New year, new map of France. As of 1 January, France's 22 regions have been whittled down to 13 in an effort to streamline the country's formidable bureaucracy. There were howls of outrage in 2014 when the plans were announced, with critics comparing some of the merged regions to forced marriages. In a country with such intense regional pride, you could hardly expect anything less.

Some of the mergers make sense. Upper and Lower Normandy unite to become just Normandy, which would be news to the millions of tourists who didn't realise it had two halves. Burgundy joins forces with its eastern neighbour, Franche-Comté, making a beautiful match on the wine and cheese front. 

Picardy, which many British tourists don't really clock as they hurtle down the motorway to the South every summer, has been absorbed by its northern neighbour, Nord-Pas-de-Calais. Champagne-Ardenne is now part of a sprawling eastern region with Alsace and Lorraine. 

A few have escaped intact: Brittany, Pays de la Loire, Ile-de-France, Provence-Côte-d'Azur and Centre – not forgetting Corsica. It's when you go south that things get a bit tricky. Little Limousin, whose green beauty is often overlooked, is swallowed by coastal kings Aquitaine and Poitou-Charente. Its equally green neighbour, Auvergne, is taken over by the might of the Rhône-Alpes (another cheese match made in heaven).

Occitan-speaking Languedoc and the Catalans of Roussillon are joined by Gascon-speaking Midi-Pyrénées, just to add to the dialectical fun. This mega-region contains two of France's most dynamic and fastest-growing cities, Toulouse and Montpellier, but it's the latter that has lost its status as a regional capital.

Then there's the question of names. The new regions have until July to come up with names to replace the temporary unwieldy monikers of Languedoc-Roussillon-Midi-Pyrénées, Alsace-Champagne-Ardenne-Lorraine, Aquitaine-Limousin-Poitou-Charente, et al.

Suggestions for the Aquitaine amalgamation include just plain Aquitaine – not likely to please its neighbours who are keen to hold on to their identity. Similarly with Languedoc: the idea of calling it Occitanie wouldn't go down very well among some Catalans near the Spanish border, who are already calling for a split from the new mega-region.

Let's hope they don't create barbarous acronyms such as Paca, which is what Provence-Côte-d'Azur is often shortened to and means nothing to anyone outside the region.

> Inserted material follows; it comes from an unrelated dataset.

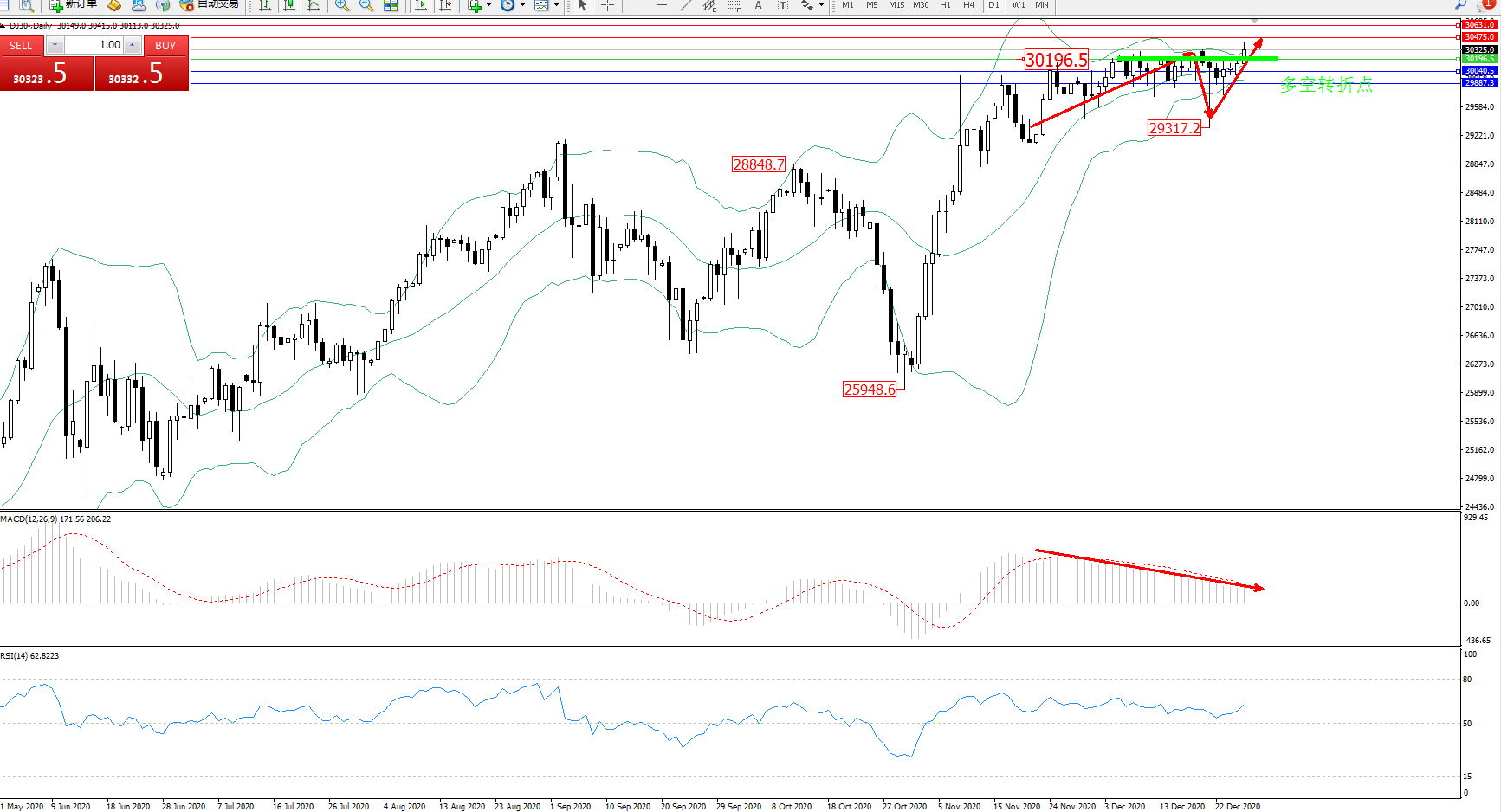 道琼斯指数12月28日(周一)收盘上涨204.10点,涨幅0.68%,报30403.97点。美股收盘,三大股指齐创新高,美国众议院议长佩洛西:众议院星期一会通过一项法案,将刺激资金增加到每人2000美元。美国财政部官员:将按照先前的计划,在这个星期开始向每人发放600美元的支票。如果国会增加经济刺激计划的金额,财政部将向那些已经收到支票的人发放补偿金。美国总统当选人拜登宣布白宫数字团队任命。该团队将主要负责通过线上平台向美国人民宣布政府最新动态。该团队由12位曾在拜登的总统竞选团队,过渡小组或成立委员会中有过工作经验的民主党人组成。这些工作人员将于1月20日拜登上任后进入白宫工作。拜登在一份声明中说:“与美国人民进行透明和诚实的沟通是总统最重要的职责之一。这个由多元化专家组成的团队在数字战略方面拥有广泛经验,他们将会使用创新的方式帮助白宫与美国人民建立联系。”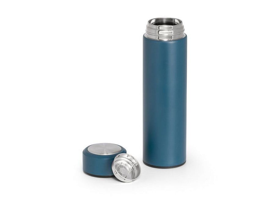 Термос из нержавеющей стали с двойным корпусом и ситечком для заваривания чая. Емкость до 470 мл. Поставляется в подарочной упаковке. Вид нанесения, рекомендуемый поставщиком: гравировка, трафаретная печать

The Alsace-Champagne merger could end up being Acal, which sounds hideous. Grand Est, one of the mooted names, is a bit better.

Quite who's going to benefit from these changes isn't clear – apart from the stationers and graphic designers who will have to design and print new logos. It's not even regarded as a cost-cutting exercise, as public-sector jobs are protected and not many heads will roll. Just what all those functionless fonctionnaires will do in this new world remains to be seen.